The Ethnologue is updated with a new edition approximately every four years to represent our best knowledge about the languages of the world. Altogether the new edition features nearly 60,000 updates and corrections and with each new edition the database is not only updated but also expanded. The 17th edition provides statistics for 7,105 known languages, adding 196 languages to the previous edition. Still this huge database makes no claims of completeness.
Where do all these new languages come from? Determining what constitutes a distinct language is not a straightforward task. Sometimes what we thought were dialects of a single language might get reclassified as separate languages, if it turns out that they are not mutually intelligible. Cultural identities and politics can also occasionally play a role in deciding where to draw the line. Determining whether a language is extinct can be an equally difficult task. In the new edition of the Ethnologue 188 languages have been reclassified from extinct to “dormant”, because they still have a symbolic value for their former speech community and offer the potential for revitalization or may be actively being revitalized. From time to time previously unknown languages are also discovered, as in the very recent announcement of Hawai’i Sign Language. Researchers report these findings to the constantly growing database of the Ethnologue.

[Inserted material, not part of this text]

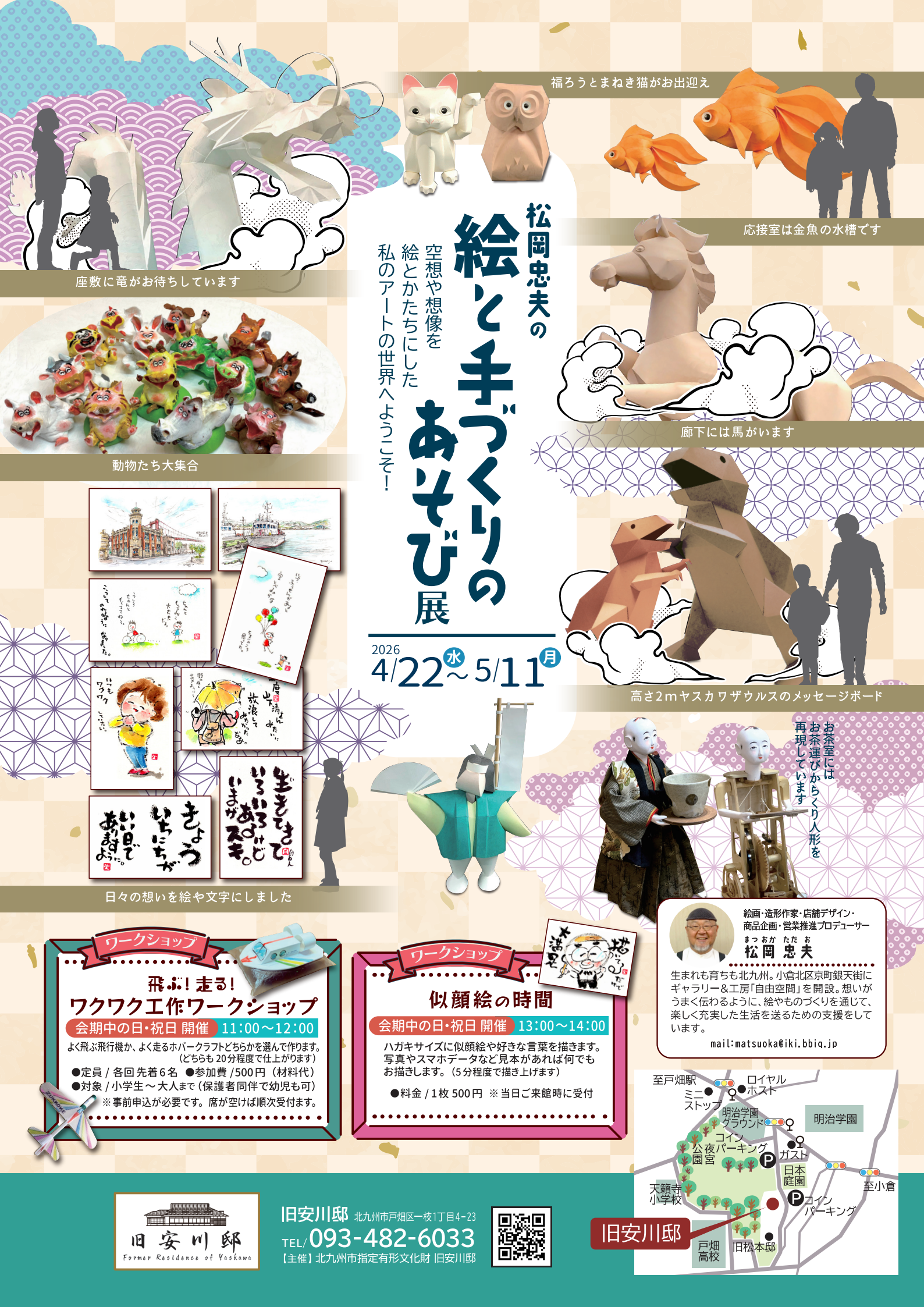
福ろうとまねき猫がお出迎え

With the new Ethnologue edition the website was also given a new, more interactive design which allows you to browse languages not only via the search function but also by clicking on a world map. For many countries there are language maps available that show in which regions certain languages are spoken. Two other new features that might be interesting for language enthusiasts are the Ethnoblog and the Language of the Day Feature. Every day a language is highlighted on the website with a link to its individual language page. The language pages provide the most important information on each, individual language, including the language status and its position in the language cloud - two new metrics in this version of the Ethnologue.
The language status is measured with the Expanded Graded Intergenerational Disruption Scale (EGIDS), which assigns each language a level of endangerment between 0 - International (e.g. English) to 10 - Extinct. This scale is an expansion of the eight-level GIDS-scale developed by linguist Joshua Fishman in 1991. GIDS was developed to determine the vitality of endangered languages, while EGIDS is applicable to all languages, including world languages and extinct languages, which makes it possible to assign a status to each language of the Ethnologue’s comprehensive database.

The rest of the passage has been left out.